Six inquests have already been held this year into the deaths of ex-carriageworks employees, and another into the death of a woman whose father and two brothers worked there.

Mr Carr, who worked as a fitter in the press shop for 22 years until he emigrated, said he had suffered from a persistent cough for at least 30 years, despite "breathing the purest cleanest air on the face of this earth", and never smoking a cigarette in his life.

And although an X-ray a couple of years ago had given him the "all-clear", the asbestos tragedy still cast a shadow over the lives of him and his wife, Janet.

"After 25 years of a very happy life of sheer bliss down under, it seems rather harsh to have this worry put on our heads," said Mr Carr, who lives in Kelson, near Wellington.

He said he had lost several friends to the illness. "It must be heartbreaking and very sad, for the families of people who have gone through the trauma of losing loved ones, all because the so-called 'big guns' of the time, didn't either want to know or didn't care about the future anguish they were creating for their people.

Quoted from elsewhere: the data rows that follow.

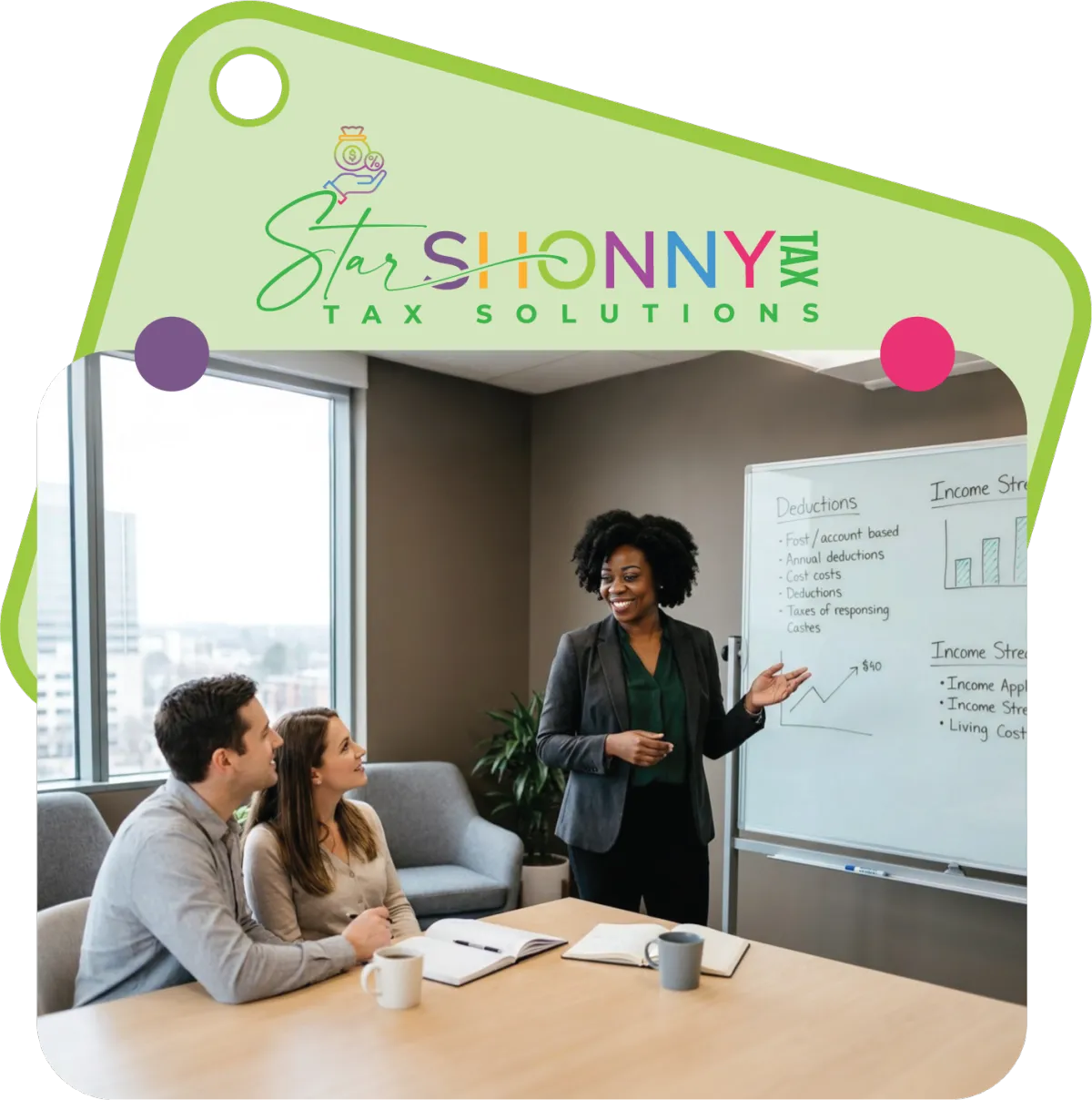 Star Shonny Tax calculations are 100% accurate so your taxes will be done right, guaranteed, or we'll pay you any IRS penalties.
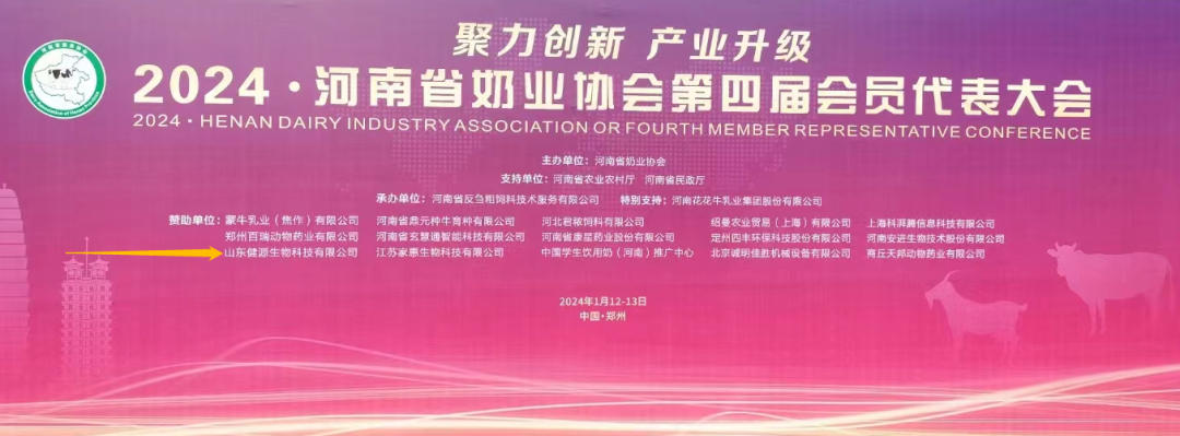 2024年1月12-13日,由河南省奶业协会主办、河南省农业农村厅、河南省民政厅支持的2024河南奶业协会第四届会员代表大会在郑州举行。农业农村部相关业务部门领导、河南省农业农村厅奶业管理处相关领导、行业协会领导、国内知名行业专家、奶业相关产业代表200余人参加此次大会。山东健源生物科技有限公司作为赞助单位参加此次大会。
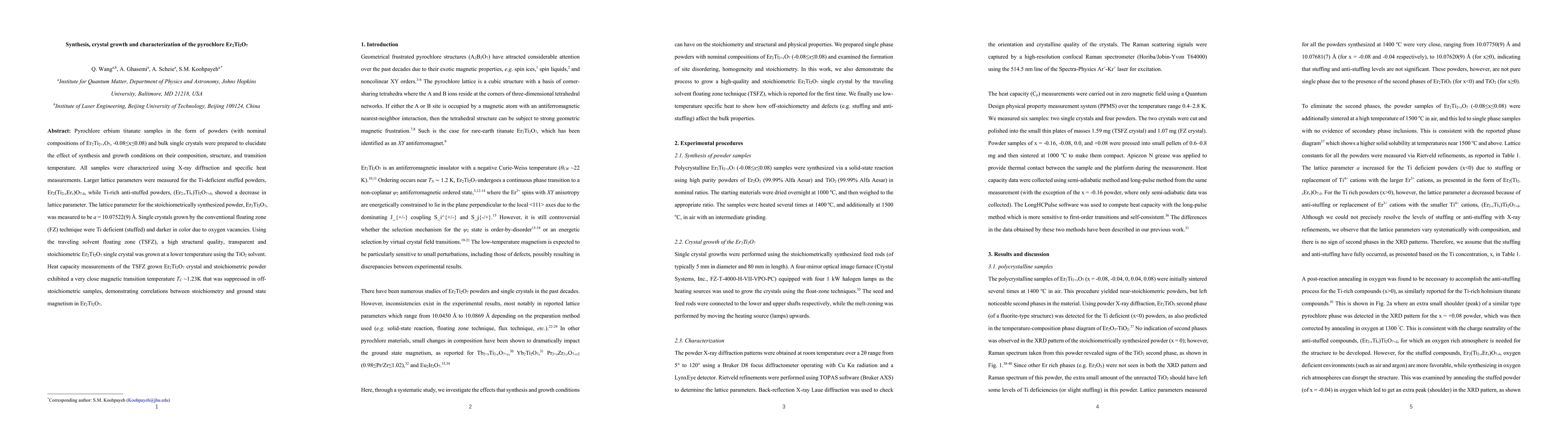 This paper investigates the synthesis and crystal growth of pyrochlore erbium titanate (Er2Ti2O7) to understand the impact of synthesis conditions on its composition, structure, and magnetic transition temperature. The study reveals that Ti-deficient powders have larger lattice parameters, while Ti-rich powders show a decrease in lattice parameter, with stoichiometric Er2Ti2O7 having a lattice parameter of 10.07522(9) Å. Single crystals grown by different techniques exhibit varying stoichiometry and structural quality, with stoichiometric crystals showing a magnetic transition temperature of ~1.23K, indicating a correlation between stoichiometry and magnetism in Er2Ti2O7.

"I rue the day I ever set foot in the carriageworks."

His wife told of Peter's endless fascination with trains, from playing with his train set as a boy and trainspotting as a teenager, and "sneaking round railway sheds and yards at all hours. Then in the 1970s, he started building model steam locomotives as a hobby.

"On arriving in New Zealand, Peter quickly sought out the model engineers' track and immediately became a member," she said.

"The first engine he built was a five-inch King Class steam locomotive King George V, which has pulled children and adults alike throughout New Zealand for 25 years."

He made models of the Duchess of Hamilton and Mallard, and then, in 1997, started making a little Welsh narrow gauge engine Owain Glyndwr, which was entered in a convention for model engineers in 2002 and was voted the best engine in the country.